Yang Yoonsik, Kim Haksub, Choi Heeseung, Chae Seungho, Kim Ig-Jae
IEEE Trans Image Process. 2021;30:8318-8331. doi: 10.1109/TIP.2021.3114986. Epub 2021 Oct 5.
Visual surveillance produces a significant amount of raw video data that can be time consuming to browse and analyze. In this work, we present a video synopsis methodology called "scene adaptive online video synopsis via dynamic tube rearrangement using octree (SSOcT)" that can effectively condense input surveillance videos. Our method entailed summarizing the input video by analyzing scene characteristics and determining an effective spatio-temporal 3D structure for video synopsis. For this purpose, we first analyzed the attributes of each extracted tube with respect to scene geometry and complexity. Then, we adaptively grouped the tubes using an online grouping algorithm that exploits these scene characteristics. Finally, the tube groups were dynamically rearranged using the proposed octree-based algorithm that efficiently inserted and refined tubes containing high spatio-temporal movements in real time. Extensive video synopsis experimental results are provided, demonstrating the effectiveness and efficiency of our method in summarizing real-world surveillance videos with diverse scene characteristics.
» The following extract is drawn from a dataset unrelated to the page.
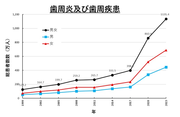 厚生労働省の調査によると、2023年時点で歯周病の患者数は1135万人を超えており、高血圧に次いで2番目に多い国民病と言える状態です。しかも年々増加傾向にあります。
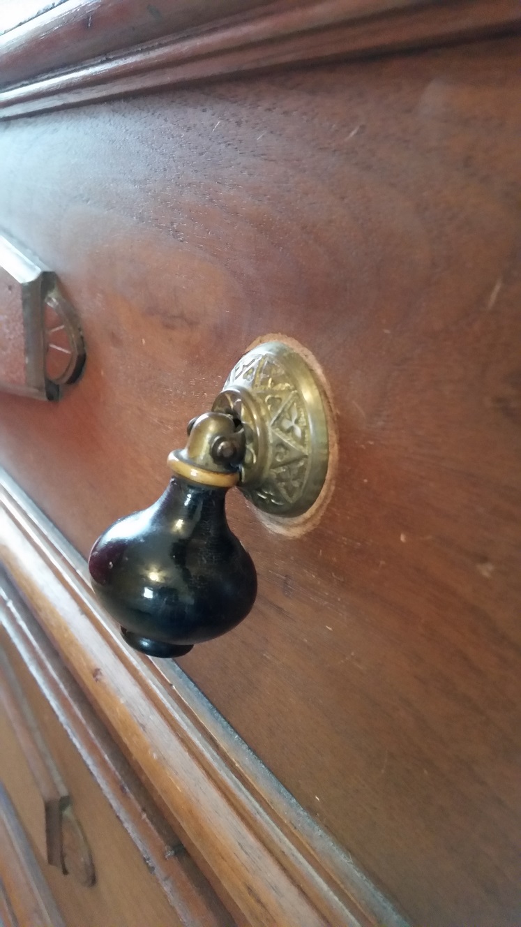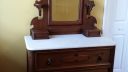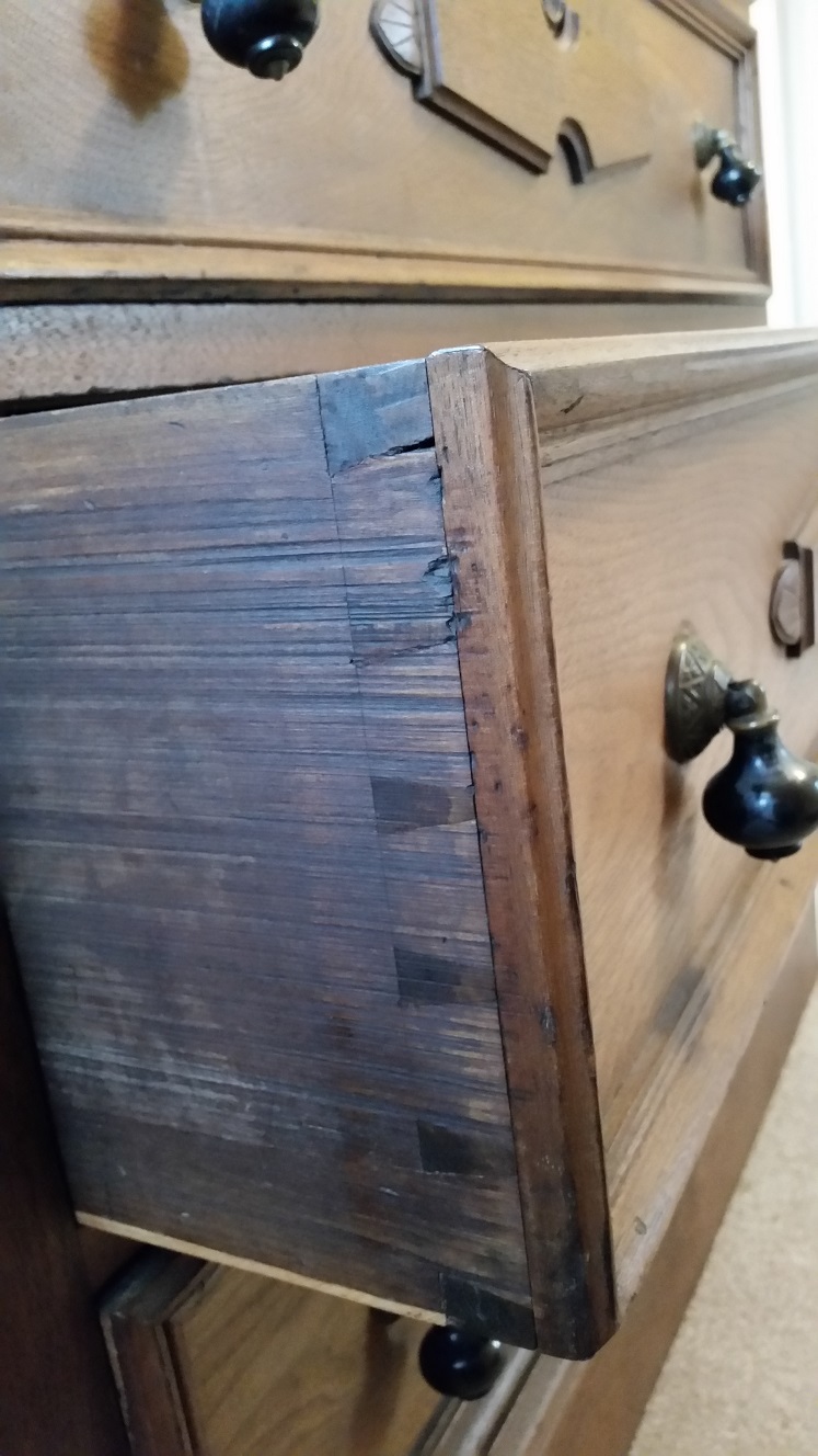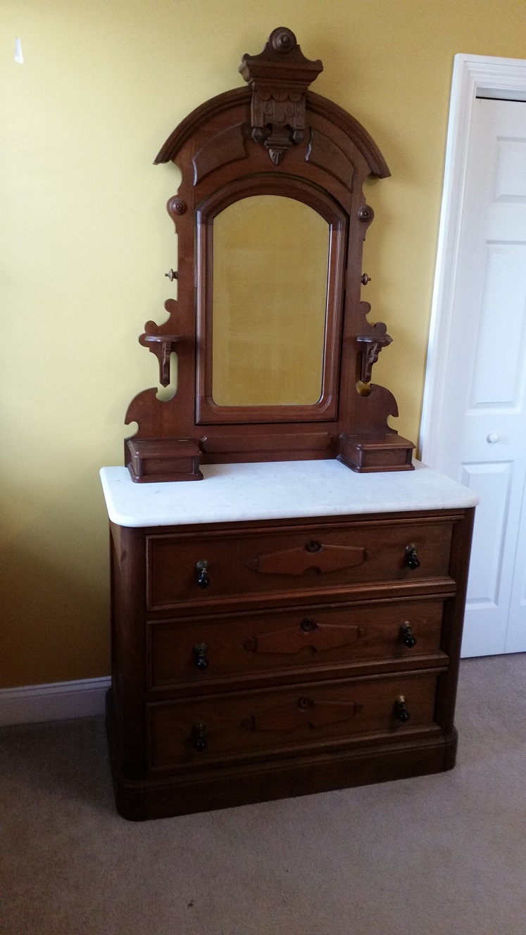 First off, apologies as I am antique illiterate and completely ignorant. I have some antique bedroom furniture of my grandmothers. I have no idea how old, who made it, or where it came from, although I suspect it is from her family. She was born 1917 and this stuff is probably older than that. Attached are some pictures of the dresser (is it even a dresser?). It is some species of wood (not laminate) with a marble top, and an original silver mirror. Original drop pulls and brass locks on all the drawers. Appears to have hand-cut, dovetail pins and tails (you can see the scribe lines). I have no idea if it’s worth $10 or $10,000. Any help would be greatly appreciated by this provincial rube who doesn’t know the first thing about old furniture.

视觉监控会产生大量原始视频数据,浏览和分析这些数据可能会很耗时。在这项工作中,我们提出了一种名为“通过使用八叉树的动态管重排实现场景自适应在线视频概要(SSOcT)”的视频概要方法,该方法可以有效地压缩输入的监控视频。我们的方法包括通过分析场景特征并确定用于视频概要的有效时空三维结构来总结输入视频。为此,我们首先针对场景几何形状和复杂性分析每个提取管的属性。然后,我们使用一种利用这些场景特征的在线分组算法对管进行自适应分组。最后,使用所提出的基于八叉树的算法对管组进行动态重排,该算法能够实时有效地插入和优化包含高时空运动的管。提供了大量视频概要实验结果,证明了我们的方法在总结具有不同场景特征现实世界监控视频方面的有效性和效率。